After five-year-old Kivuli Farley’s first day of school, a teacher she thinks is the most beautiful person she has ever met disappears. A few weeks later, the woman’s body is discovered under a trash pile set to burn on the coffee plantation in Arusha, Tanzania, where Kivuli lives with her Maasai father, British mother, and her mother’s long-time love ― a gay, black woman who had been in an abusive relationship with the murdered teacher. Kivuli grows up seeking the truth of these circumstances, but secrets and lies confound her at every turn.
When she’s fourteen, Kivuli’s parents send her to stay for a year in America on the Roses’ guest ranch where her great-grandfather had immigrated decades ago. She’s anxious to learn more about her Maasai ancestor buried in Nevada before she was born, but the present journey proves to be as distressing as the past when she learns the old man had hidden a threatening note that led to a devastating tragedy for the Rose family.
What Kivuli desires above all is to find a way for those still wounded to heal and a path to redemption for two women worlds apart: an incarcerated child abductor, and the killer she knows best ― her own mother.
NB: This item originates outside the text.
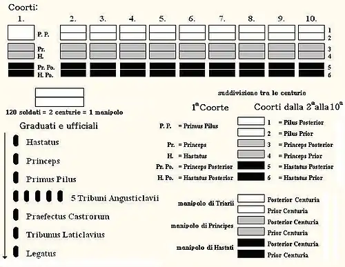 Enquanto no Mediterrâneo oriental as unidades militares evoluíram segundo aqueles canónes, na Península Italiana, a evolução ocorria sob o impulso de Roma. Nas Guerras Samnitas, os romanos tinham já apreciado a facilidade com a qual os Samnitas foram capazes de se organizar em terrenos difíceis, graças à sua capacidade de operar pequenas unidades independentes, como no famoso episódio da Batalha das Forcas Caudinas onde os romanos sofreram uma pesada derrota em virtude da maior flexibilidade das unidades samnitas. A necessidade de operar com formações menos cerradas que as das falanges, forçou os romanos a alterar a estrutura do seu Exército, organizando-o em legiões de cerca de 4 000 homens, divididas em quatro linhas, das quais as primeiras três já não estavam armadas com uma longa lança, mas sim com um dardo (pilo) que era lançado na primeira fase do combate e com uma espada (gládio) para as fase seguinte em que se combatia corpo a corpo. Somente a quarta linha (triários, com cerca de 1200 soldados) se manteve armada com lança, sendo utilizada como reserva tática para romper definitivamente a frente inimiga ou como cobertura em caso de retirada da legião. Assim, na legião inicial da República Romana, menos de um terço dos soldados estava armado de pique, estando a maioria deles armado apenas de gládio e dardo ligeiro (vélites) ou de gládio e pilo (hastados e príncipes). O facto revolucionário em tudo isto foi a divisão de todos os escalões de infantaria pesada em dez manípulos, que dispondo-se em quincôncio, permitia um apoio recíproco, fazendo avançar e retroceder hastados e príncipes à medida das necessidades táticas. A legião, enquanto grande unidade de armas combinadas, dispunham já de um contingente de cavalaria (alas) e contingentes especializados de aliados (sócios).

As she opens herself to the teachings of a Lakota-Sioux horse master, the lesson in a provocative painting, the friendship of an adopted Indian boy with two dads, the challenging views of a South African Catholic priest, and ultimately a dangerous communication with the seemingly unredeemable kidnapper, the way becomes clear.
As Kivuli encounters diverse cultures, faiths, and passions, victims and perpetrators draw inexorably together on the road to forgiveness.